**Source material**
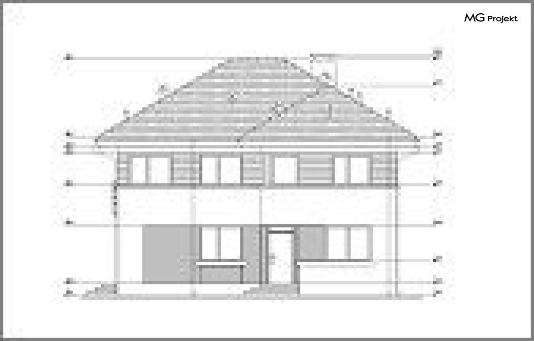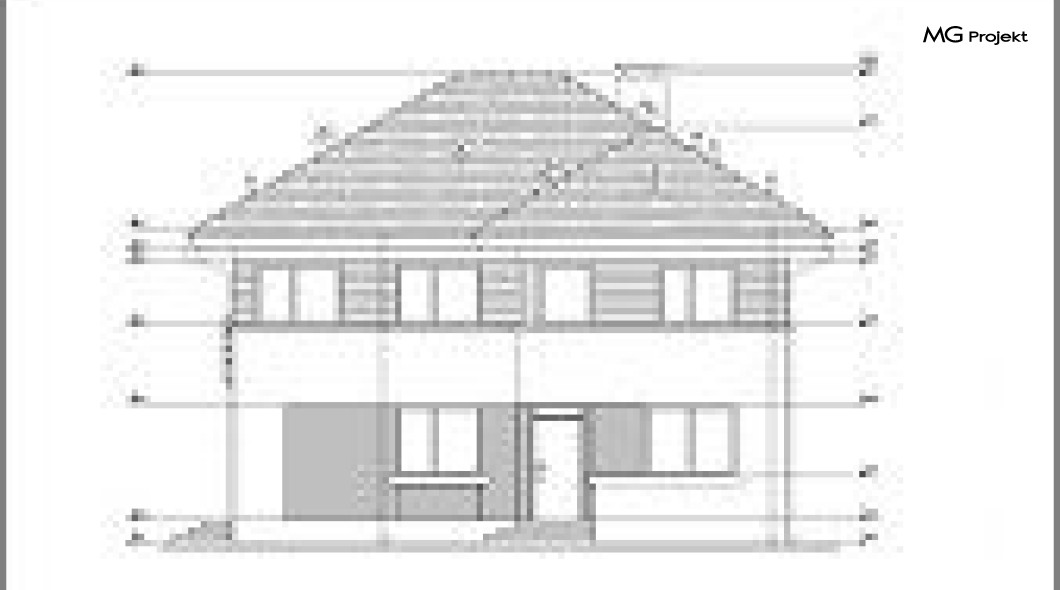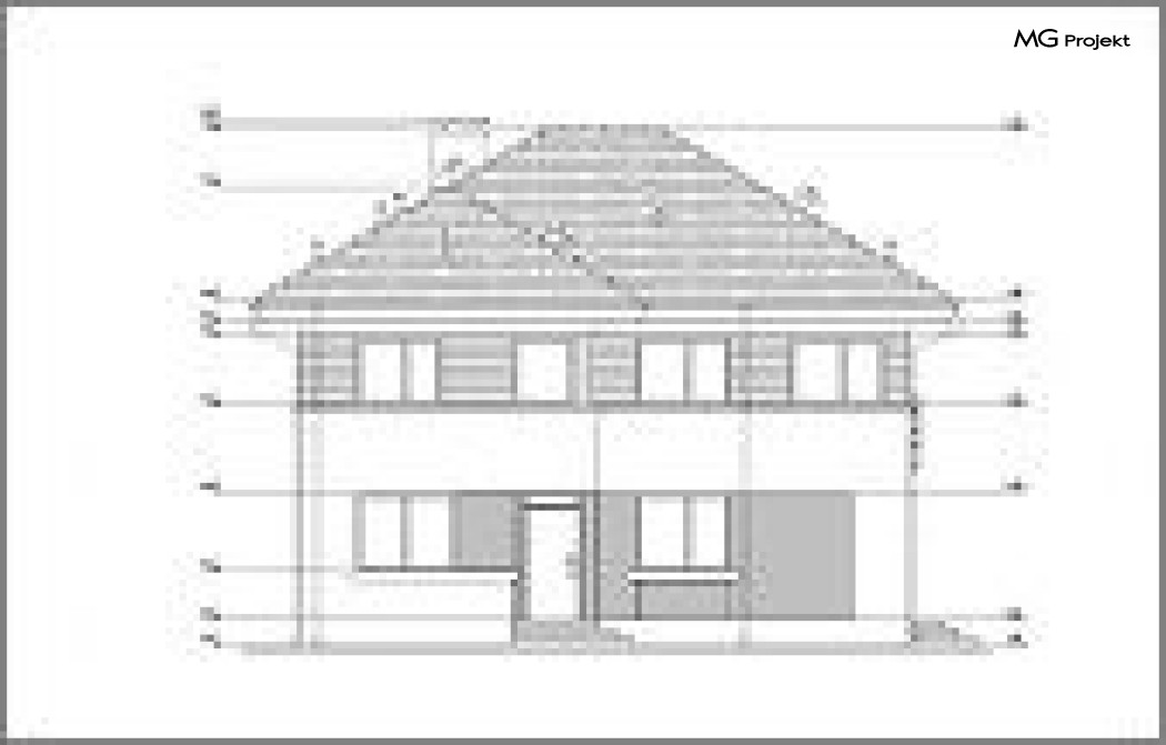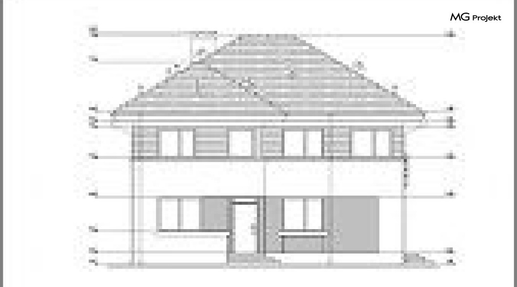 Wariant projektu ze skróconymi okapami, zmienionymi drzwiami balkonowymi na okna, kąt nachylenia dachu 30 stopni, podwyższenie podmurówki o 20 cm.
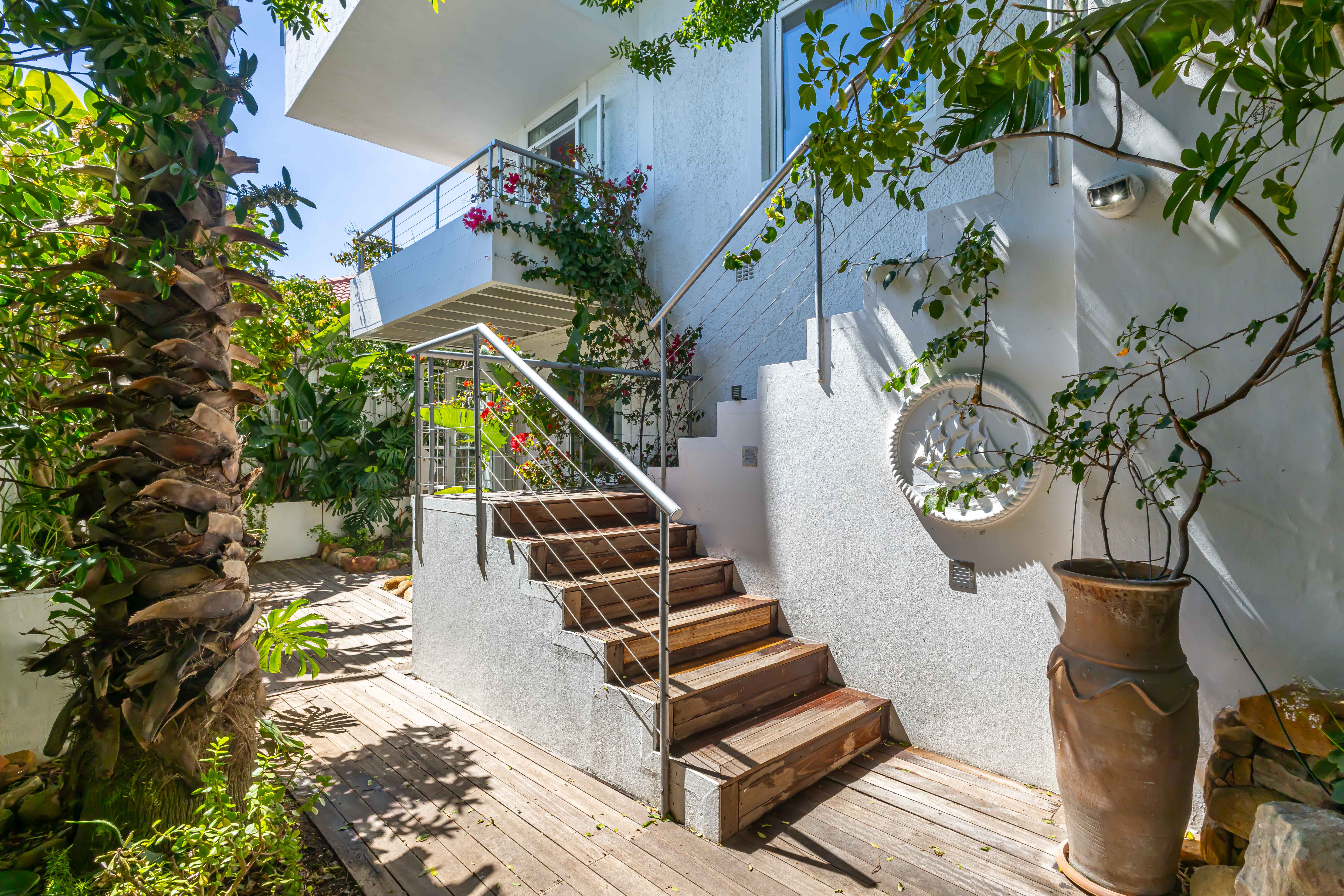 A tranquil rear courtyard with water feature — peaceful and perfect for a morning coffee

* * *

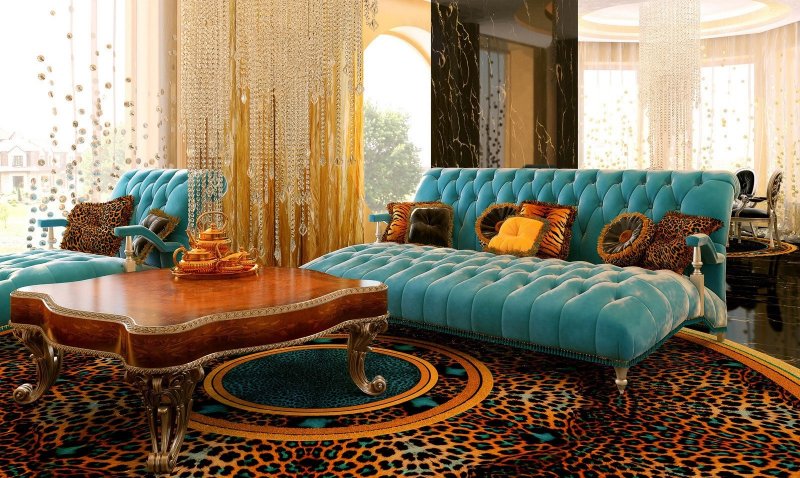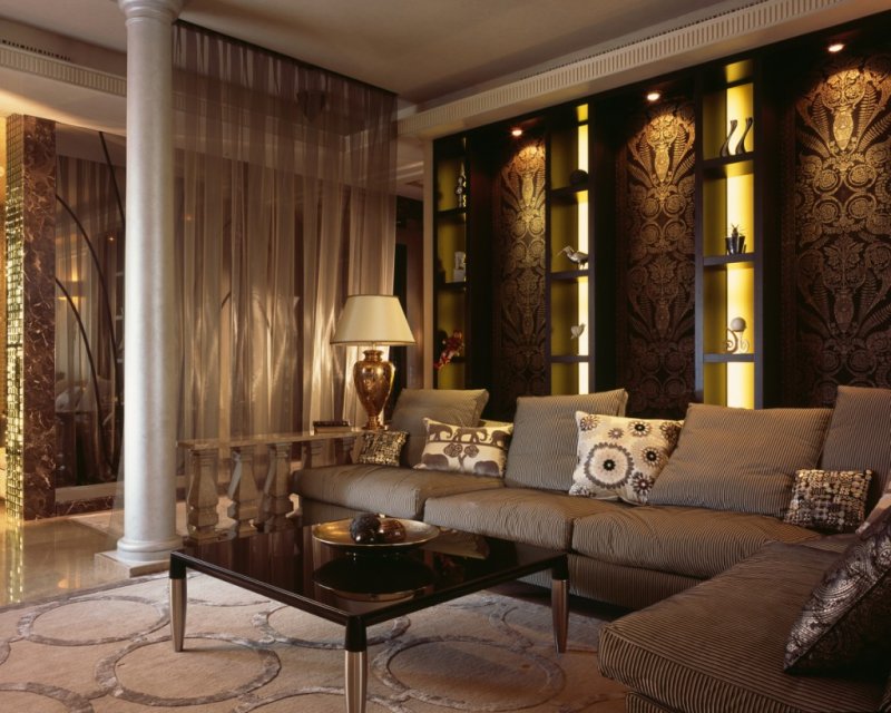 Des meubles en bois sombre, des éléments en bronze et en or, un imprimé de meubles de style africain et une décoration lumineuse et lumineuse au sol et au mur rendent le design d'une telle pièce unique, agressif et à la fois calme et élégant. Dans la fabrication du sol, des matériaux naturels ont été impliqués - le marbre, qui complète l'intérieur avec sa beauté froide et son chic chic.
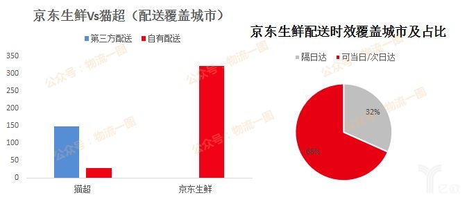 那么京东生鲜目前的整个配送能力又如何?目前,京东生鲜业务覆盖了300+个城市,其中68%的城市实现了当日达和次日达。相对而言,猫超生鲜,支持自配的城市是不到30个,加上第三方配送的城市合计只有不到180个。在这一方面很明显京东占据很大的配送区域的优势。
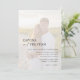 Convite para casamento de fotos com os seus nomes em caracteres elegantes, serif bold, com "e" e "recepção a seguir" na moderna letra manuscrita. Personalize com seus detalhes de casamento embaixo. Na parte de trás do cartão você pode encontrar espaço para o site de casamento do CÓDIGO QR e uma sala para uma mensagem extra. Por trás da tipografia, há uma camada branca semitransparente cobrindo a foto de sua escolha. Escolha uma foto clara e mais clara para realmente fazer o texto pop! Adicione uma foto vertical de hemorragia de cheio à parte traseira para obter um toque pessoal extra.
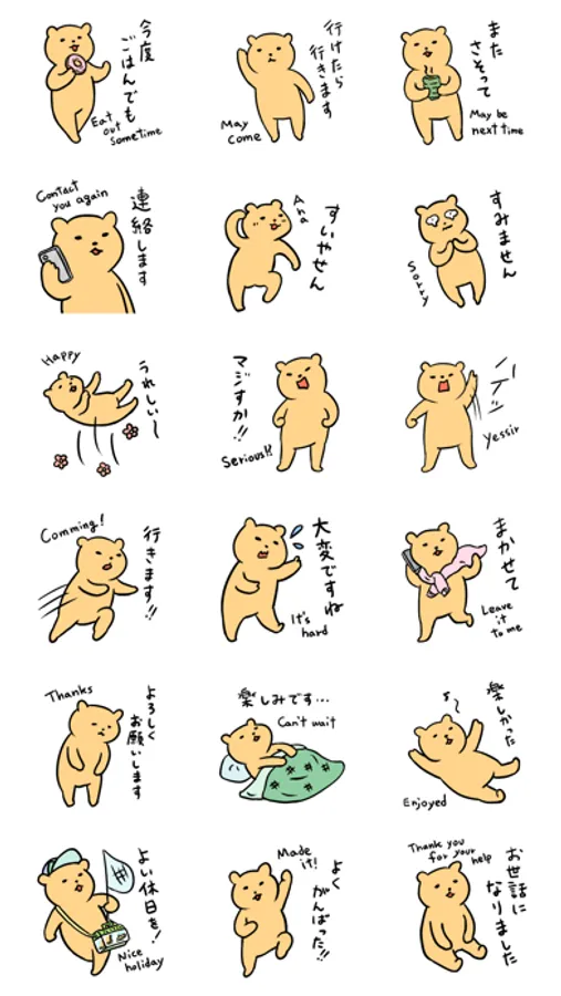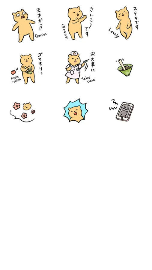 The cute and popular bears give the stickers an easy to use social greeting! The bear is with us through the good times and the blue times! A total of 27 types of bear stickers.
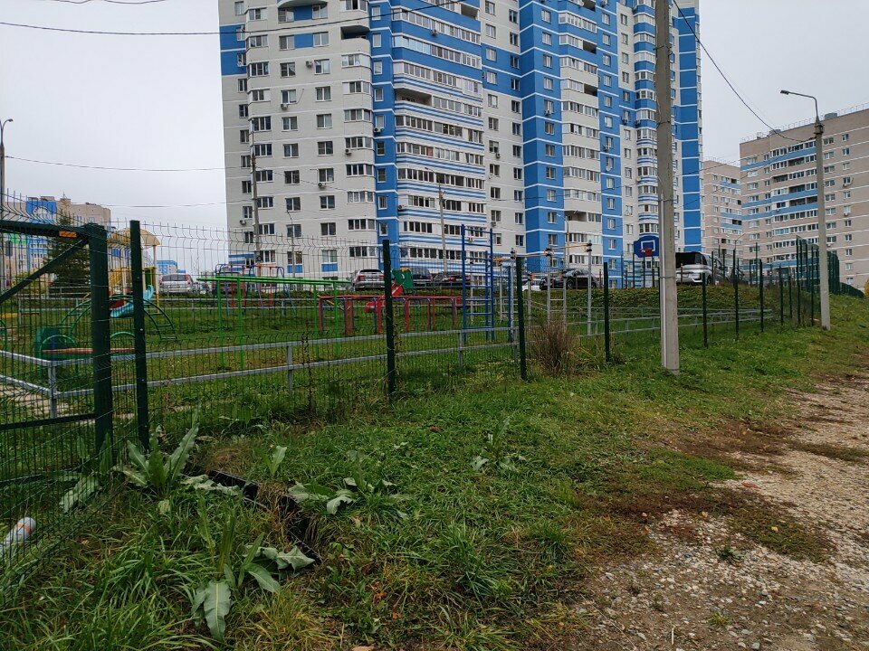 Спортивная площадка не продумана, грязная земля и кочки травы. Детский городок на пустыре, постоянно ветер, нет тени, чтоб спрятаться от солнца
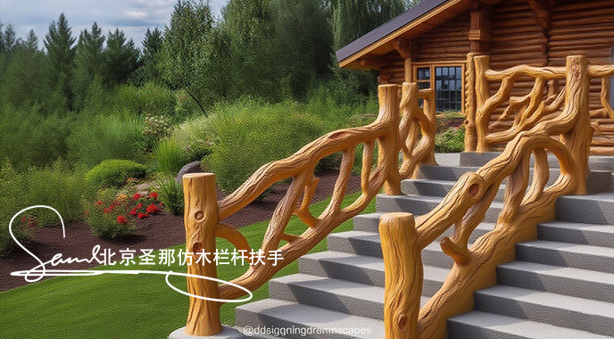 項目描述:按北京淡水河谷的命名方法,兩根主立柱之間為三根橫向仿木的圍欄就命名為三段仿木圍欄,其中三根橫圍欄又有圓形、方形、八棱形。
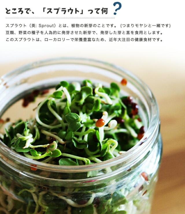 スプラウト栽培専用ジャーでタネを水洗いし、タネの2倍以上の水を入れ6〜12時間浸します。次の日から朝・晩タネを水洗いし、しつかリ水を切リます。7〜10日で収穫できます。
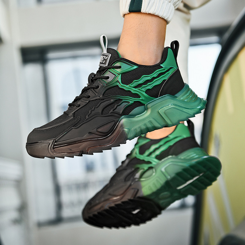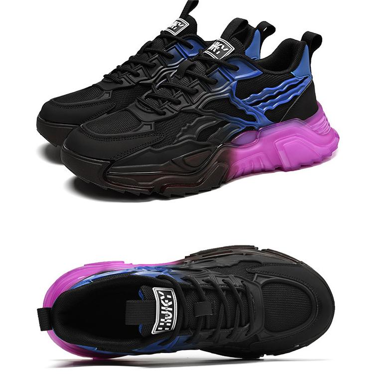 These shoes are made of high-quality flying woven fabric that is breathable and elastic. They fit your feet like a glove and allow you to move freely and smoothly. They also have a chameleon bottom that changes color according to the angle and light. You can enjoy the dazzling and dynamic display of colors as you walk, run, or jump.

**Directions for this task**
In the records above, find the line with "Wariant projektu ze" and the line with "A tranquil rear"; please transcribe exactly those two lines and all lines between them, omitting any picture.

**Completed task**
 Wariant projektu ze skróconymi okapami, zmienionymi drzwiami balkonowymi na okna, kąt nachylenia dachu 30 stopni, podwyższenie podmurówki o 20 cm.
 A tranquil rear courtyard with water feature — peaceful and perfect for a morning coffee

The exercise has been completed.